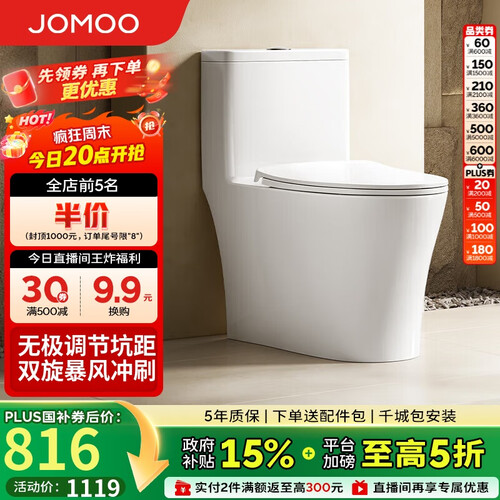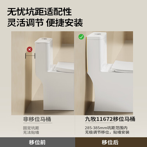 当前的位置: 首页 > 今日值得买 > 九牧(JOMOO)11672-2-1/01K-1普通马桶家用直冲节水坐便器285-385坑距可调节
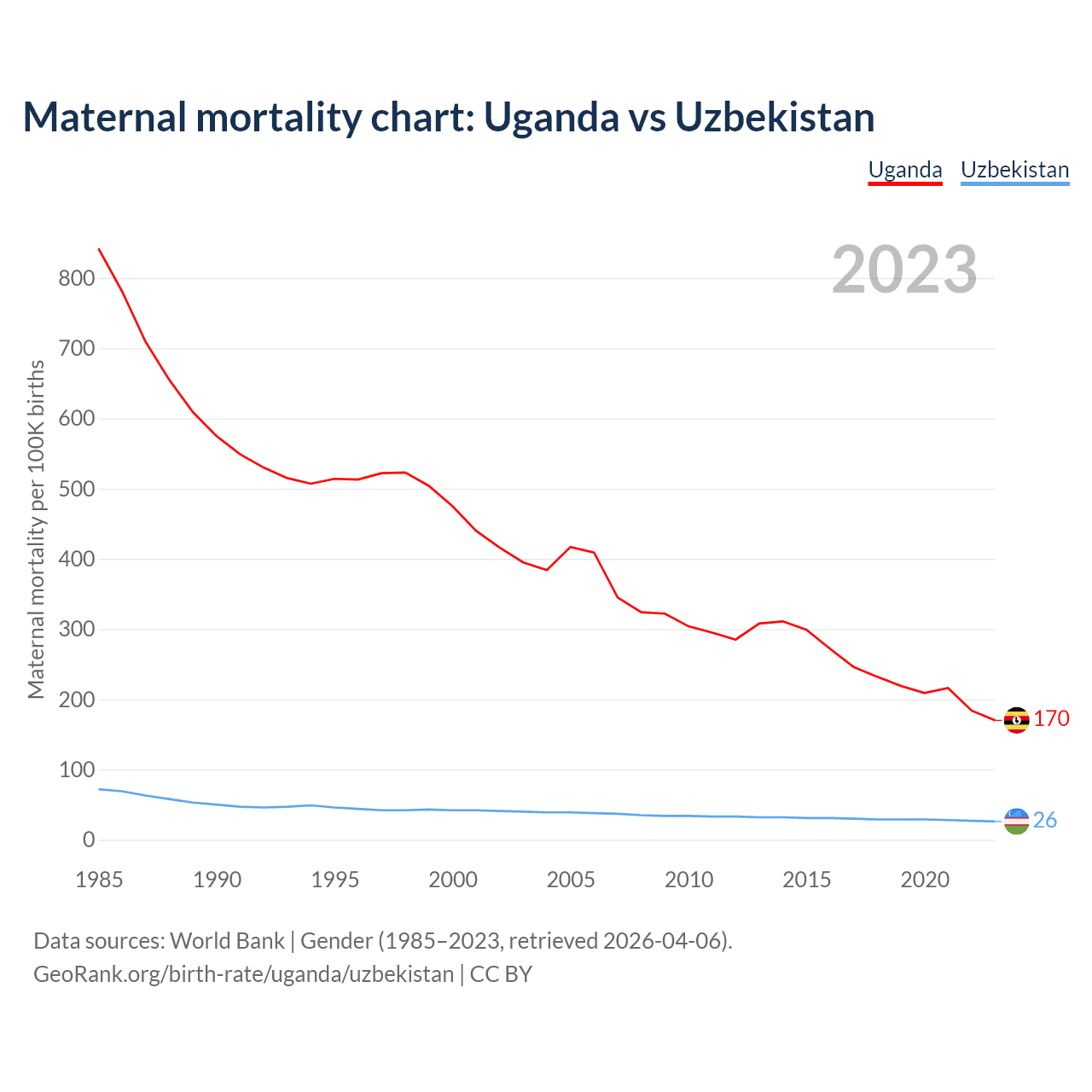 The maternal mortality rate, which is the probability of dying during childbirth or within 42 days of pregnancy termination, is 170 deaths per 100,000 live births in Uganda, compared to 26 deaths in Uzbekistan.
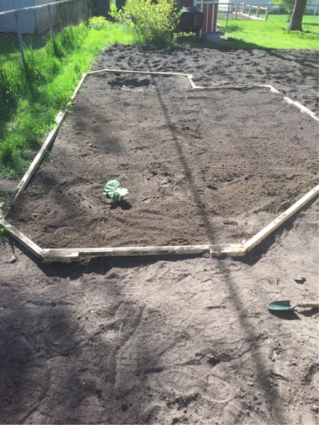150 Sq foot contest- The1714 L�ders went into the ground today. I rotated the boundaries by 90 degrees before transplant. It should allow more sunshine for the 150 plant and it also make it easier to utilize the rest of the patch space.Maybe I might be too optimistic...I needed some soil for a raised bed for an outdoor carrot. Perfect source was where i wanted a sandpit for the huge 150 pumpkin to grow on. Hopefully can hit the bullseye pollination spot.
==
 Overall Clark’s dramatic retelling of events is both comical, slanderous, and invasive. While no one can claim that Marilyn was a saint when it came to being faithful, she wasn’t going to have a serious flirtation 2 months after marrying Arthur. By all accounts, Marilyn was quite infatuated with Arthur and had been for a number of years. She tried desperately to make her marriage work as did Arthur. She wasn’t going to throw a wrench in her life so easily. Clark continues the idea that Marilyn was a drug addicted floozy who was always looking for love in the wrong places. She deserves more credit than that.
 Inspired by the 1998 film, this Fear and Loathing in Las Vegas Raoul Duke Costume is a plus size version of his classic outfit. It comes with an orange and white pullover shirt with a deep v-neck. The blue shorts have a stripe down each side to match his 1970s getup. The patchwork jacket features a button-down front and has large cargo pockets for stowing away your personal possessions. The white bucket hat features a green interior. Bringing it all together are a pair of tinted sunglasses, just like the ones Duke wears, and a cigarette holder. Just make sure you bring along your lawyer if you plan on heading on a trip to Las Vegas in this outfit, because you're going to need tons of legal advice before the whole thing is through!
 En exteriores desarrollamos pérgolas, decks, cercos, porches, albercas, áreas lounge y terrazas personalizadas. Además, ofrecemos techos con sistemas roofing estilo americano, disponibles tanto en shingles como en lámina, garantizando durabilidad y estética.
==
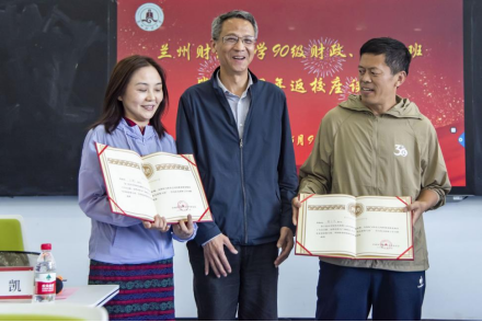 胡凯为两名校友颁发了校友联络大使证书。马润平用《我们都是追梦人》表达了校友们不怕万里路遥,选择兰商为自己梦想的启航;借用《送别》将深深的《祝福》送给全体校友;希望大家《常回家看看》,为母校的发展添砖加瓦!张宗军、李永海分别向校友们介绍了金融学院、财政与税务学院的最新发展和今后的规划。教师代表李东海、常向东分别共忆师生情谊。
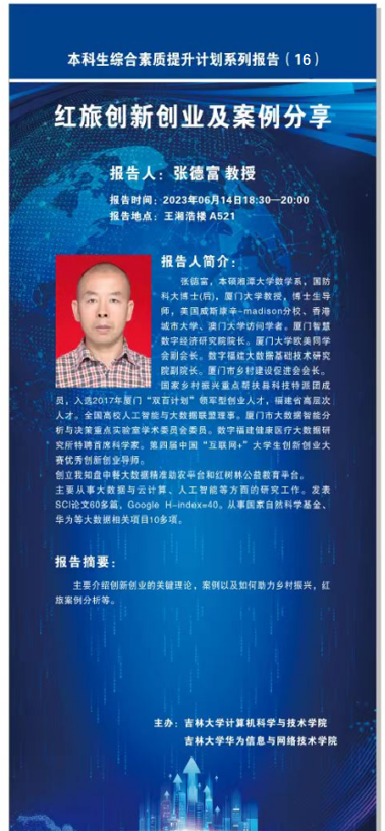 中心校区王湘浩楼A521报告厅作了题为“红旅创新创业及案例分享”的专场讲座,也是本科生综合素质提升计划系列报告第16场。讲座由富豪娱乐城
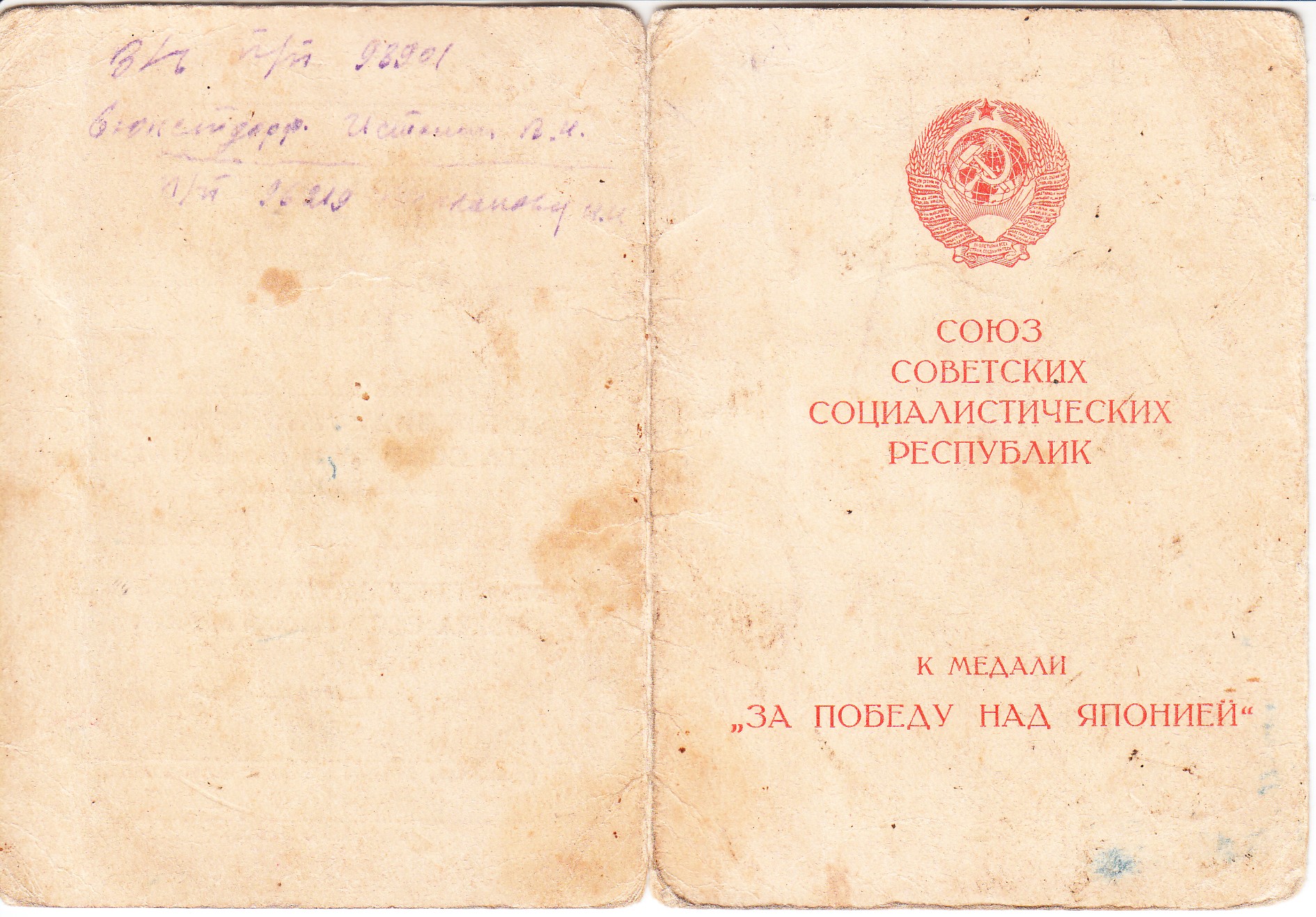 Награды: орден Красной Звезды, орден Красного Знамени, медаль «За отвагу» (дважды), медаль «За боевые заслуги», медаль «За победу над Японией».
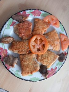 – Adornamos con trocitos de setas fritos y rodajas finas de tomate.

TASK TO COMPLETE. Reproduce exactly the entries above, limited to the lines from the one with "Overall Clark’s dramatic" through the one with "En exteriores desarrollamos", both included.

ANSWER FOR THE TASK.
 Overall Clark’s dramatic retelling of events is both comical, slanderous, and invasive. While no one can claim that Marilyn was a saint when it came to being faithful, she wasn’t going to have a serious flirtation 2 months after marrying Arthur. By all accounts, Marilyn was quite infatuated with Arthur and had been for a number of years. She tried desperately to make her marriage work as did Arthur. She wasn’t going to throw a wrench in her life so easily. Clark continues the idea that Marilyn was a drug addicted floozy who was always looking for love in the wrong places. She deserves more credit than that.
 Inspired by the 1998 film, this Fear and Loathing in Las Vegas Raoul Duke Costume is a plus size version of his classic outfit. It comes with an orange and white pullover shirt with a deep v-neck. The blue shorts have a stripe down each side to match his 1970s getup. The patchwork jacket features a button-down front and has large cargo pockets for stowing away your personal possessions. The white bucket hat features a green interior. Bringing it all together are a pair of tinted sunglasses, just like the ones Duke wears, and a cigarette holder. Just make sure you bring along your lawyer if you plan on heading on a trip to Las Vegas in this outfit, because you're going to need tons of legal advice before the whole thing is through!
 En exteriores desarrollamos pérgolas, decks, cercos, porches, albercas, áreas lounge y terrazas personalizadas. Además, ofrecemos techos con sistemas roofing estilo americano, disponibles tanto en shingles como en lámina, garantizando durabilidad y estética.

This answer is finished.